ITP Techblog

When the revamped Privacy Act came into effect in December 2020, it was widely considered to be a lost opportunity to beef up privacy protections for the age of big data and the digital economy.

Sure, we got mandatory breach notifications for serious data breaches and the Privacy Commissioner received some new powers, such as the ability to issue compliance notices to wayward businesses and organisations.

But despite the urging of Commissioner John Edwards at the time, the Government decided against imposing major fines for serious and repeated data breaches. As it stands, the maximum fine for a serious data breach that can be imposed under the Privacy Act is $10,000.

That looks increasingly anaemic in the face of large-scale data breaches, such as the Waikato District Health Board hack, which saw sensitive patient data leaked onto the dark web, and last month’s data breach the Pinnacle Midlands Health Network.

Australia is in the process of reviewing its own Privacy Act and a government bill this week proposed harsh financial penalties for privacy breaches.

At the moment, the maximum fine for a serious privacy breach in Australia is A$2.2 million. This is what the Australian Government wants to replace that with:

• A maximum fine of A$50 million, or,
• Three times the value of any benefit obtained through the misuse of the information, or,
• 30% of a company's domestic turnover in the relevant period if the court can't quantify that value.

The recent massive data breaches at Optus and Medibank across the Tasman have no doubt strengthened the resolve of lawmakers to hold Australian and international companies that operate in the country, financially liable to a much greater degree, for data privacy failures.

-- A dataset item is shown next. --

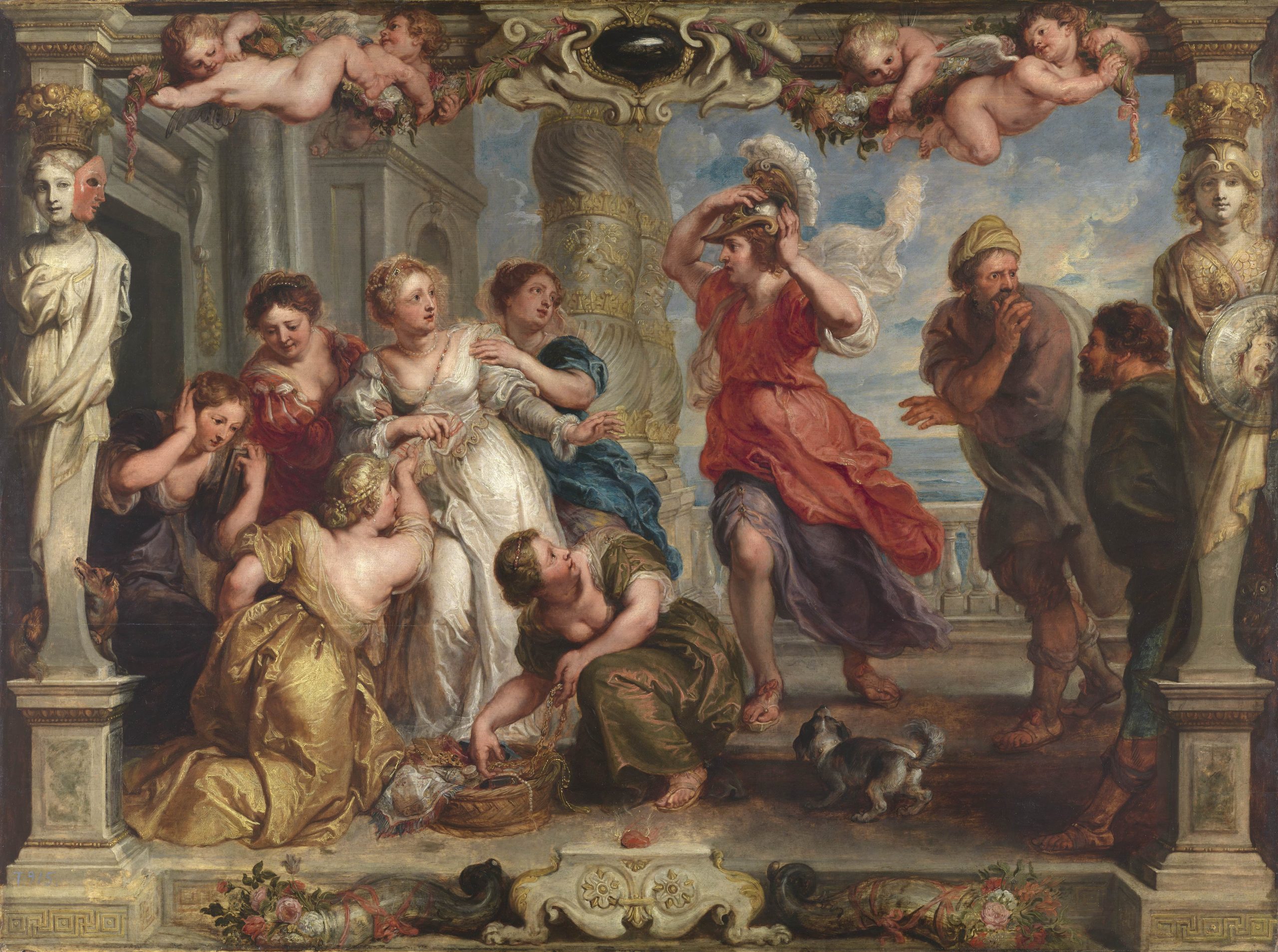 A questo proposito, si inserisce bene nel percorso espositivo una serie di opere in cui Rubens interpreta la figura di Achille – emblema dell’eroismo dell’essere umano, capace di scrivere la storia pur nella sua finitezza mortale –, come l’Achille scoperto da Ulisse tra le figlie di Licomede del Prado, in cui emerge chiaramente il riferimento a quanto visto a Palazzo Te nella la posa della fanciulla seduta di spalle in primo piano, che è la stessa di una presente nel Banchetto rustico della Sala di Psiche.

I’m in favour of hefty fines for privacy breaches and my view was confirmed after a recent discussion I had with Liz MacPherson, the Deputy Privacy Commissioner.

As important as health & safety

“Boards need to be taking the responsibility for personal information as seriously as they are taking the responsibility for health and safety,” she told me.

Currently, most boards and leadership teams put a lot more focus on health and safety than on data privacy. That may well be because health and safety lapses can result in serious injury or death.

But health and safety breaches also attract large fines - up to $500,000 for a company even if no one is exposed to a serious risk, and up to $3 million for a company that’s acted recklessly. There are stiff fines and jail time also awaiting individuals found to have been responsible for serious health and safety breaches. That’s what has really helped focus the mind of executives.

A decent fine regime here would encourage more investment in cybersecurity. But heftier fines alone won’t make a big difference. Even the passive fines levied under the General Data Protection Regulation (GDPR) in the European Union haven’t stopped major data breaches from occurring. Every organisation is in an escalating war with hackers, who are becoming increasingly sophisticated at getting past even respectable cyber defences.

What's best practice?

Is it fair for a company to be whacked with a massive fine for a data breach even though it did everything right? Probably not, but that would be rare anyway. Too often, they result from ineffective cybersecurity practices and policies, bad behaviour and underinvestment in cyber defences.

Organisations need to know what best practice on data privacy looks like. It’s the ones that don’t live up to that and breach the privacy of their users as a result, that should be forced to write a major cheque to the government as a result. The Office of the Australian Information Commissioner has to go to court to pursue a fine against infringing organisations. That’s a time-consuming and expensive task which is why privacy advocates suggest the regulator there needs more resources to determine which data breaches warrant a big fine.

Any regulator with the power to impose a $50 million fine needs to exercise a decent margin of discretion. As it stands, Optus could be up for millions in fines as a result of its massive data breach. One thing is for sure, a $10,000 fine for bad behaviour doesn't cut it in comparison.

We had a rare opportunity to add some real teeth to our privacy legislation. We opted not to. If the Australian data breach fine proposal is passed, you can guarantee data privacy will be high on the agenda at the next round of quarterly board meetings over there.